**PROBLEM STATEMENT**
Copy only what lies from the line containing "Kolibrin taiteilijalaadun lattapäiset siveltimet, jotka" through the line containing "de Tseten Jigme" in the entries below, keeping both end lines exact and dropping every picture.
[PROVIDED DATA — start]
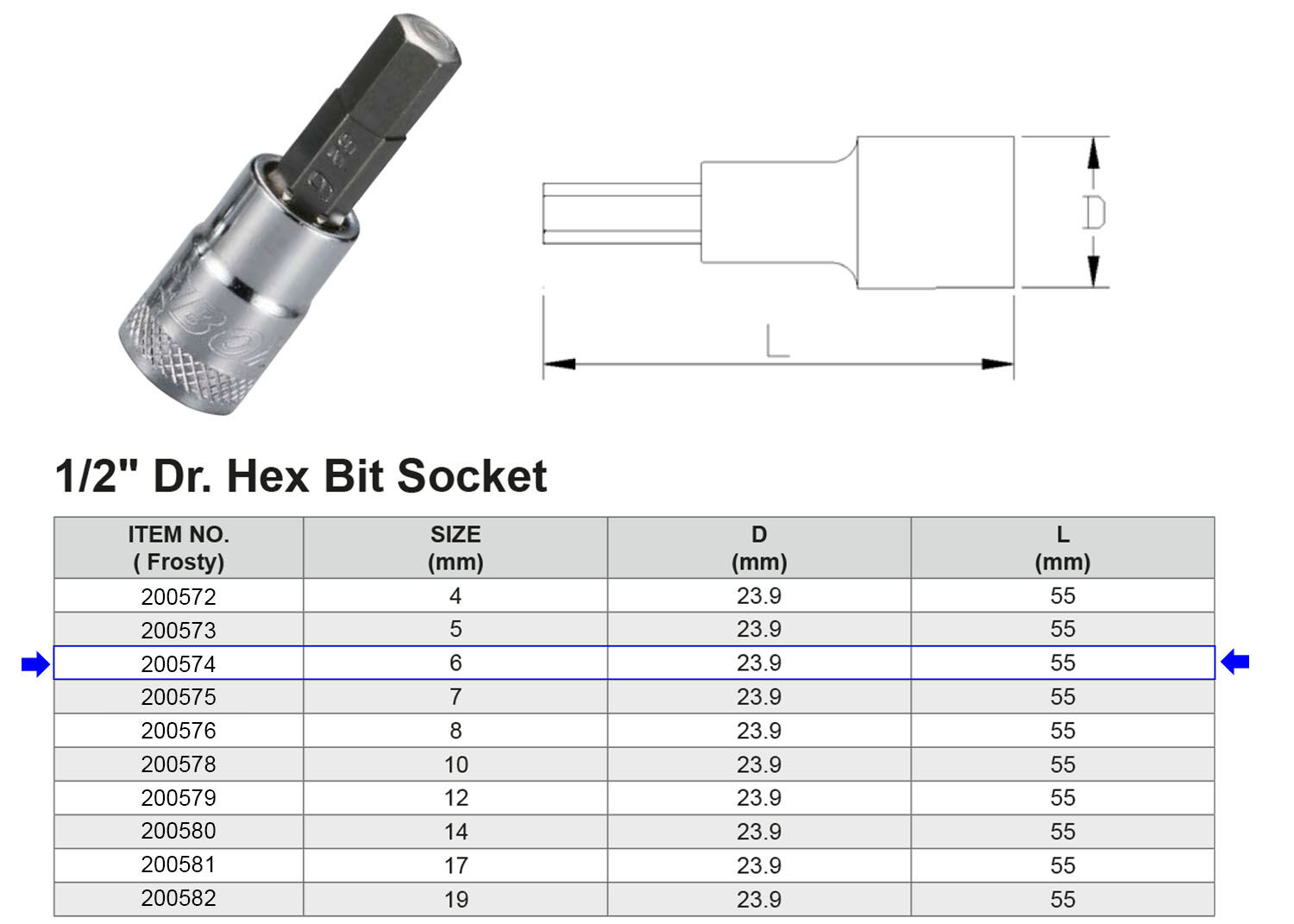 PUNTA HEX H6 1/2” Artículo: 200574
[PROVIDED DATA — finish]
[PROVIDED DATA — start]
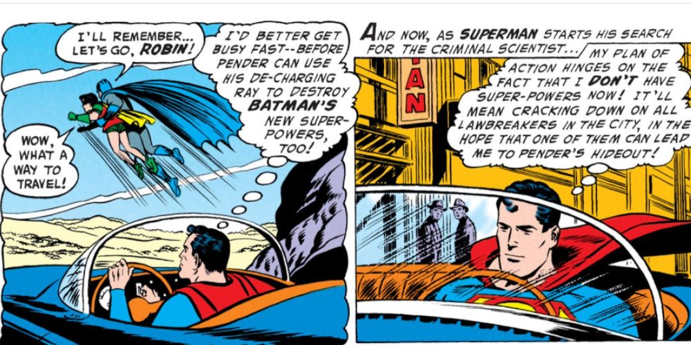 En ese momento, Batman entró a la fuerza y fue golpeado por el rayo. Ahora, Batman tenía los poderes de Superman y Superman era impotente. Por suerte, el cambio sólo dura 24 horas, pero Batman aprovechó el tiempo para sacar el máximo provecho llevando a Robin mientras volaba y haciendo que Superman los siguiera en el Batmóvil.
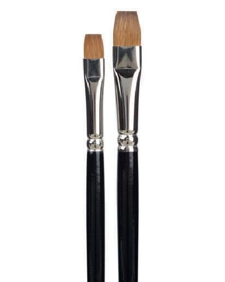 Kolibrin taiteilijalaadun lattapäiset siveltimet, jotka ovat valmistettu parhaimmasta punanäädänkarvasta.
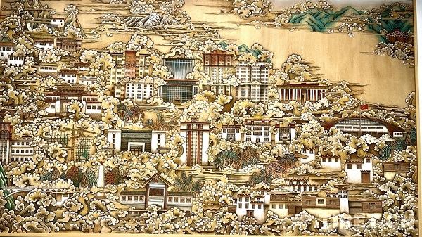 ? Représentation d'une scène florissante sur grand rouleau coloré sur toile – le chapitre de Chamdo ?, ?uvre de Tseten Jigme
[PROVIDED DATA — finish]
**SOLVED PROBLEM**
 Kolibrin taiteilijalaadun lattapäiset siveltimet, jotka ovat valmistettu parhaimmasta punanäädänkarvasta.
 ? Représentation d'une scène florissante sur grand rouleau coloré sur toile – le chapitre de Chamdo ?, ?uvre de Tseten Jigme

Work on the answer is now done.